(Data extracted from a collection)
■ ■ ■ ■ ■ ■ ■

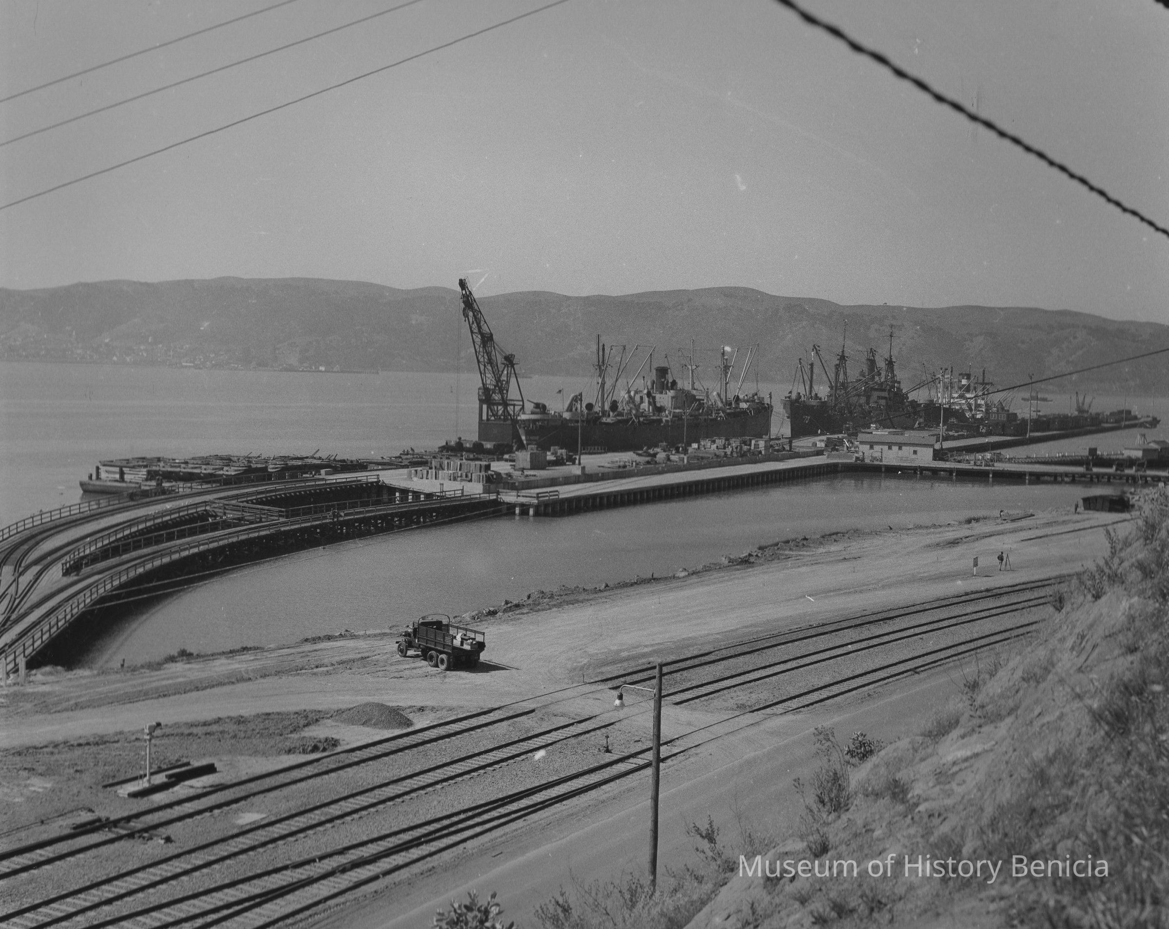 B/W photograph of tanks and other equipment being locaded on ships at the Arsenal Dock. A large crane is next to a ship named the William D. Hoxie, Savannah GA. Two other smaller ships are also moored along side the pier. "E. Peltier" is written on the back in blue ink.Collection
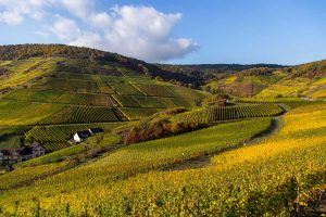 Freunde edlen Rebensafts lockt ein deutsches Weinbaugebiet im malerischen Ahrtal in den Norden von Rheinland-Pfalz: Zwischen den beliebten Winzer- und Fremdenverkehrsorten Altenahr und Heimersheim erstreckt sich mit dem Weinbaugebiet Ahr nicht nur das nördlichste Rebengebiet, sondern auch das größte geschlossene Anbaugebiet für Rotweine in Deutschland. Über etwa 85 km windet sich die Ahr in engen Schleifen durch eindrucksvolle Felslandschaften mit üppigen Weinhängen. Urkundlich verbrieft ist der Weinbau im Ahrtal im 9. Jahrhundert, doch die ersten Reben pflanzten wahrscheinlich bereits die Römer an. Das traditionsreiche Erbe der Region in windgeschützter Lage mit vielen Sonnenstunden wiegt schwer; die Trauben an den Steilhängen sind nur in mühevoller Arbeit zu ernten, doch dafür werden die Winzer mit erstklassigen Rotweinen belohnt.
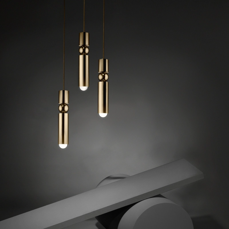 Imaginée et éditée par le talentueux Lee Broom, Fulcrum est une suspension fine et élégante. Telle une sculpture minimaliste, elle composée de deux cylindres réunis par une sphère centrale. L'ampoule visible imite symétriquement la silhouette de la sphère. Déclinée en version chrome, laiton et noir mat, Fulcrum est également disponible en lustre composé de 5 pièces.
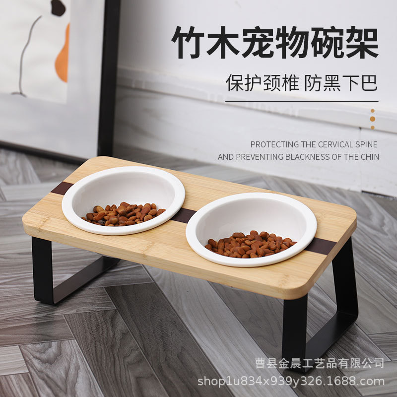 대나무 애완견 그릇, 조절 가능한 애완동물 고양이 그릇 랙, 세라믹 이중 그릇, 경추를 보호하고 고양이 먹이 그릇을 뒤집는 것을 방지합니다.스토어 가기
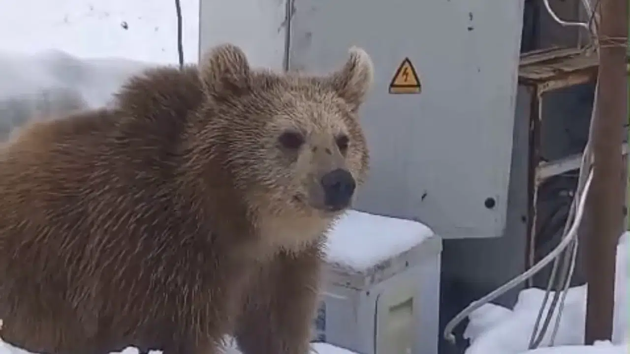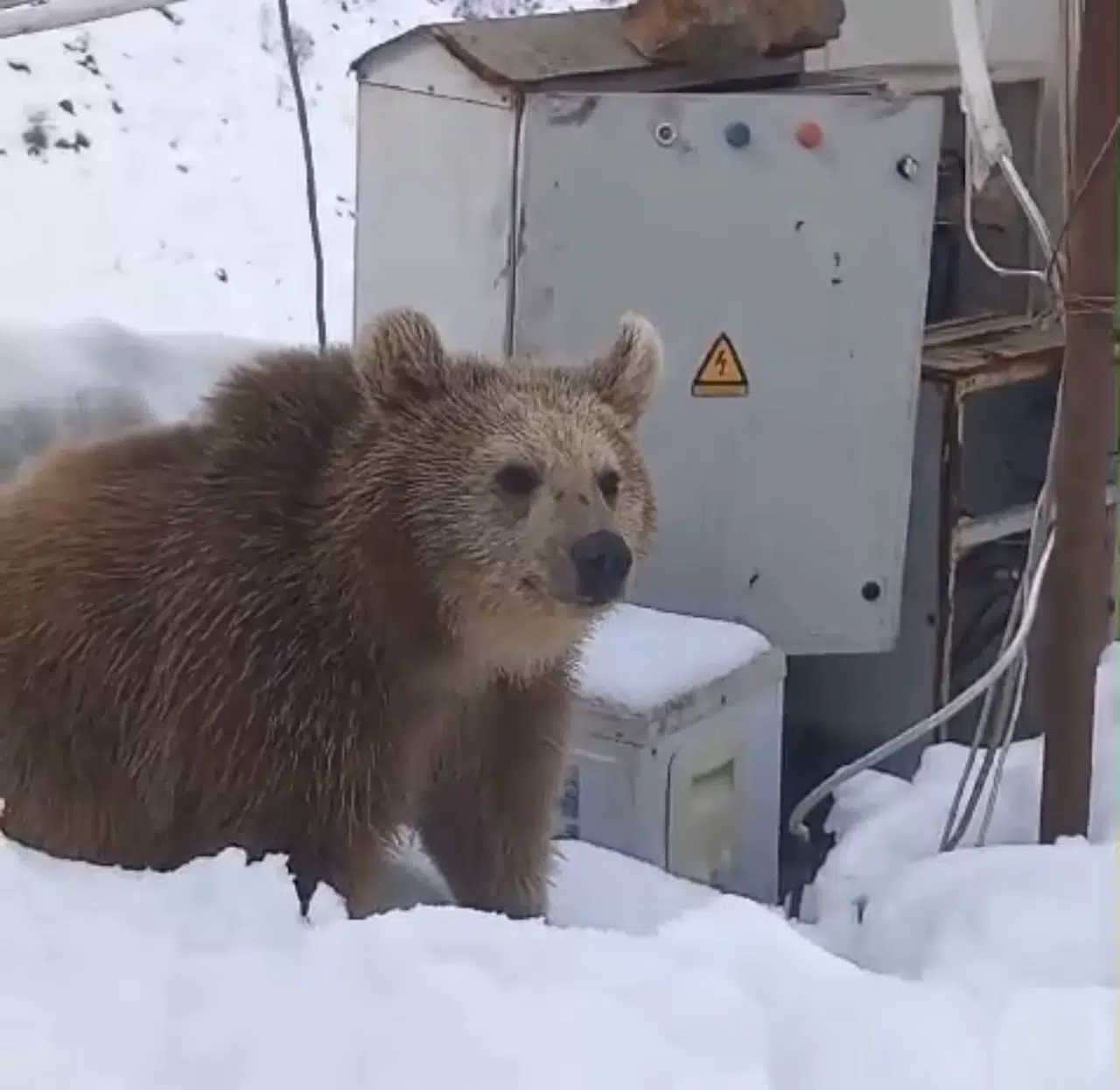 Yüksekova’ya 56 kilometre uzaklıkta bulunan Dağlıca köyündeki yol şantiye alanı, ayıların uğrak mekanı oldu. Kış uykusuna yatmayarak şantiyeye inen aç ayı, burada bulunan çöpleri karıştırarak karnını doyurmaya çalıştı.
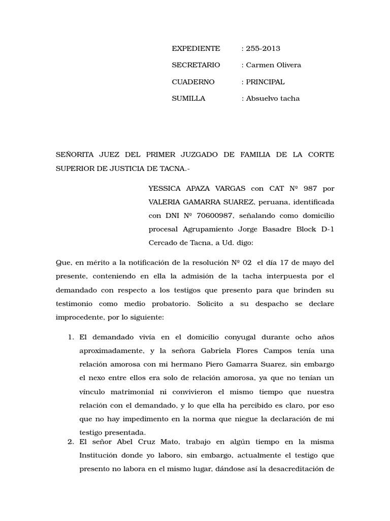 presente, conteniendo en ella la admisin de la tacha interpuesta por el

■ ■ ■ ■ ■ ■ ■

Problem description: Write out each line of the data exactly; the images should be left out.

Answer to this problem:
 B/W photograph of tanks and other equipment being locaded on ships at the Arsenal Dock. A large crane is next to a ship named the William D. Hoxie, Savannah GA. Two other smaller ships are also moored along side the pier. "E. Peltier" is written on the back in blue ink.Collection
 Freunde edlen Rebensafts lockt ein deutsches Weinbaugebiet im malerischen Ahrtal in den Norden von Rheinland-Pfalz: Zwischen den beliebten Winzer- und Fremdenverkehrsorten Altenahr und Heimersheim erstreckt sich mit dem Weinbaugebiet Ahr nicht nur das nördlichste Rebengebiet, sondern auch das größte geschlossene Anbaugebiet für Rotweine in Deutschland. Über etwa 85 km windet sich die Ahr in engen Schleifen durch eindrucksvolle Felslandschaften mit üppigen Weinhängen. Urkundlich verbrieft ist der Weinbau im Ahrtal im 9. Jahrhundert, doch die ersten Reben pflanzten wahrscheinlich bereits die Römer an. Das traditionsreiche Erbe der Region in windgeschützter Lage mit vielen Sonnenstunden wiegt schwer; die Trauben an den Steilhängen sind nur in mühevoller Arbeit zu ernten, doch dafür werden die Winzer mit erstklassigen Rotweinen belohnt.
 Imaginée et éditée par le talentueux Lee Broom, Fulcrum est une suspension fine et élégante. Telle une sculpture minimaliste, elle composée de deux cylindres réunis par une sphère centrale. L'ampoule visible imite symétriquement la silhouette de la sphère. Déclinée en version chrome, laiton et noir mat, Fulcrum est également disponible en lustre composé de 5 pièces.
 대나무 애완견 그릇, 조절 가능한 애완동물 고양이 그릇 랙, 세라믹 이중 그릇, 경추를 보호하고 고양이 먹이 그릇을 뒤집는 것을 방지합니다.스토어 가기
 Yüksekova’ya 56 kilometre uzaklıkta bulunan Dağlıca köyündeki yol şantiye alanı, ayıların uğrak mekanı oldu. Kış uykusuna yatmayarak şantiyeye inen aç ayı, burada bulunan çöpleri karıştırarak karnını doyurmaya çalıştı.
 presente, conteniendo en ella la admisin de la tacha interpuesta por el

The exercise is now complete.